Knowledge of Lyme disease stages could help clinicians manage treatment. Most patients with Lyme disease respond well to antibiotics. However, some individuals develop persistent symptoms despite antibiotic treatment, even though an ongoing infection is no longer believed to be present. Alaedini’s lab is trying to dissect and understand the causes of the immune dysfunction that appears to be involved and to identify biomarkers of PTLDS with the extensive use of epitope mapping.
Work in Alaedini’s lab focuses primarily on linear epitopes, which are particularly helpful for diagnostics and are less challenging to incorporate into assays than conformational epitopes. “Conformational epitope mapping, especially in a high-throughput manner, will be more widely utilized in the next few years,” predicts Alaedini. “It will supplement linear epitope mapping to help us improve our understanding of certain medical conditions and for disease phenotyping.”
In interrogations of conformational epitopes, a persistent challenge is the need for accurate predictions of protein folding and immunogenicity. “However, as we continue to have more advanced prediction algorithms and learn more about what makes an epitope in an immune response against an antigen, we will be able to generate more accurate predictions,” declares Alaedini, “and we won’t need to screen patient samples against large numbers of potential immunogenic sequences or domains.”
This strategy would involve predicting the most significant epitopes of a protein. “We could then focus only on the protein regions of interest as potential epitopes without having to analyze the entire protein,” concludes Alaedini.
Imaging antibody diversity
Many approaches to generate vaccines are converging on using protein subunits to elicit focused antibody responses. “But some of these protein surfaces are large,” says Andrew Ward, PhD, professor at The Scripps Research Institute, “and antibodies have many potential ways to bind.”

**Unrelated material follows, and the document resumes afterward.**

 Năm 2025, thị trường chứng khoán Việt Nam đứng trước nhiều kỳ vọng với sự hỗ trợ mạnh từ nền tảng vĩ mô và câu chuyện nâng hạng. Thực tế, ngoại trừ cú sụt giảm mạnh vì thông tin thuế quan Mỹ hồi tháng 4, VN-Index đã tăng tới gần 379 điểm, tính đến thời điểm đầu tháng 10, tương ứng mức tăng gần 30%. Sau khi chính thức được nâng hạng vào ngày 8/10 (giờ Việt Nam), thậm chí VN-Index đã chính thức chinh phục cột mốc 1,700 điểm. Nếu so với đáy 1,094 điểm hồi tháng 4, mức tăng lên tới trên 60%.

Epitope mapping has traditionally relied on introducing mutations and performing binding studies. However, many assays are indirect and nonspecific, or they may involve the surface immobilization of antigens, leading to an incomplete understanding of the humoral immune response.
These problems could be overcome by an alternative approach developed by Ward’s group. “With our technique,” Ward asserts, “we are imaging incredible antibody diversity in a very direct way.”

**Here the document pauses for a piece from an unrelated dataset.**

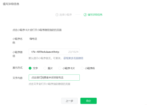 点击“下一步”,然后将“小程序路径”选框中的字母清除

Ward and colleagues are using an electron microscopy–based epitope mapping strategy to follow the evolution of neutralizing antibody development. In a study that applied this strategy to the immunization of rabbits with an HIV-1 envelope glycoprotein candidate, Ward and colleagues uncovered previously unidentified epitopes and revealed how antibody responses evolve. Essentially, the investigators generating a semiquantitative map of epitopes that are targeted in a polyclonal antibody response.
“This approach is performed in solution,” Ward notes. “Therefore, it is not subject to some artifacts that occur with immobilization.” It promises to capture the dynamics of the antibody development in real time, and to do so with unprecedented resolution. This approach, Ward hopes, will not only facilitate iterative vaccine design, but also enable the identification of signatures from infections, revealing the diversity of responses in humans to a vaccine.
For example, the approach could help explain why currently used vaccines elicit protective and durable immune responses in some people, even most people, but not all people. “Our imaging technique,” Ward declares, “is part of a broader tool to understand very large complex heterogenous antibody responses.”